(Source data)
------------------------------------------------------------------------

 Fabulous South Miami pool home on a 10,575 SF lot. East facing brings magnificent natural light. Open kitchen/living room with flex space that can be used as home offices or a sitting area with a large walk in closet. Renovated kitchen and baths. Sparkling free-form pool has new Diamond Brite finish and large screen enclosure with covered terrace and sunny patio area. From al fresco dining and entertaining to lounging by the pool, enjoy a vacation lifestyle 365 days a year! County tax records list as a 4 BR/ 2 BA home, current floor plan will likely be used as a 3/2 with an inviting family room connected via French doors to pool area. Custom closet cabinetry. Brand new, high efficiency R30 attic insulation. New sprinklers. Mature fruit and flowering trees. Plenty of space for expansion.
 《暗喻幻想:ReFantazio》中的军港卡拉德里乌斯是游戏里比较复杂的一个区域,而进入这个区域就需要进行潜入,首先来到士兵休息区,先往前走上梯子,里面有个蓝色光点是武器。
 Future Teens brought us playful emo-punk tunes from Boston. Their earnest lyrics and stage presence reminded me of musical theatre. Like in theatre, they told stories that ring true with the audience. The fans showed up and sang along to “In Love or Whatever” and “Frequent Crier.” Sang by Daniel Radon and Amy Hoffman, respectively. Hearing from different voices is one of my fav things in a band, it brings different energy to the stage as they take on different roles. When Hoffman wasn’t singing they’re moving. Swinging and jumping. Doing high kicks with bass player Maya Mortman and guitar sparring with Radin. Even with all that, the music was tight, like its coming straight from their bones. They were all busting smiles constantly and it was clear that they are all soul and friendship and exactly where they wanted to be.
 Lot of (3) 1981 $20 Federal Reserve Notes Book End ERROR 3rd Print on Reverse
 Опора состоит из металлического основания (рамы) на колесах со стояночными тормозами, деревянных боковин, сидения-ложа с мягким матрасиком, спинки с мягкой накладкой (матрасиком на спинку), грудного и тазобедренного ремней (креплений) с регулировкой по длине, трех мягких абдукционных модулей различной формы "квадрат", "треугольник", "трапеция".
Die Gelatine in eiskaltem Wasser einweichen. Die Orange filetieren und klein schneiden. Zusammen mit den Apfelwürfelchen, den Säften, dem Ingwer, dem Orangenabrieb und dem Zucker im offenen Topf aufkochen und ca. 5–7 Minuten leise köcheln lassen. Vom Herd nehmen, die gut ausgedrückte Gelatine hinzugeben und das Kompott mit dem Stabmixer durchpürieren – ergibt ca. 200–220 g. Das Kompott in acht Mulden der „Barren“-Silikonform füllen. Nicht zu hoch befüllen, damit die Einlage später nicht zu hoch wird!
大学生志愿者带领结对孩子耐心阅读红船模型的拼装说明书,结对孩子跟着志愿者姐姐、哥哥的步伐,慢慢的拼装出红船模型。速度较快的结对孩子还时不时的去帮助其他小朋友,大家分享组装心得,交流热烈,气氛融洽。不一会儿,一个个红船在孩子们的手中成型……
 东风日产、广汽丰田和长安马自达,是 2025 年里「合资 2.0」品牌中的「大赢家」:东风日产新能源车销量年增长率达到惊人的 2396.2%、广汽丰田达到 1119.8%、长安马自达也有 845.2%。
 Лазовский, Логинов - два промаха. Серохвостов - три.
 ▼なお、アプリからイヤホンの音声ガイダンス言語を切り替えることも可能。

------------------------------------------------------------------------

● Work to complete
Write down, word for word, the lines above from the one containing "Future Teens brought" through the one containing "Lot of (3) 1981", both ends included.

● Solution to this exercise
 Future Teens brought us playful emo-punk tunes from Boston. Their earnest lyrics and stage presence reminded me of musical theatre. Like in theatre, they told stories that ring true with the audience. The fans showed up and sang along to “In Love or Whatever” and “Frequent Crier.” Sang by Daniel Radon and Amy Hoffman, respectively. Hearing from different voices is one of my fav things in a band, it brings different energy to the stage as they take on different roles. When Hoffman wasn’t singing they’re moving. Swinging and jumping. Doing high kicks with bass player Maya Mortman and guitar sparring with Radin. Even with all that, the music was tight, like its coming straight from their bones. They were all busting smiles constantly and it was clear that they are all soul and friendship and exactly where they wanted to be.
 Lot of (3) 1981 $20 Federal Reserve Notes Book End ERROR 3rd Print on Reverse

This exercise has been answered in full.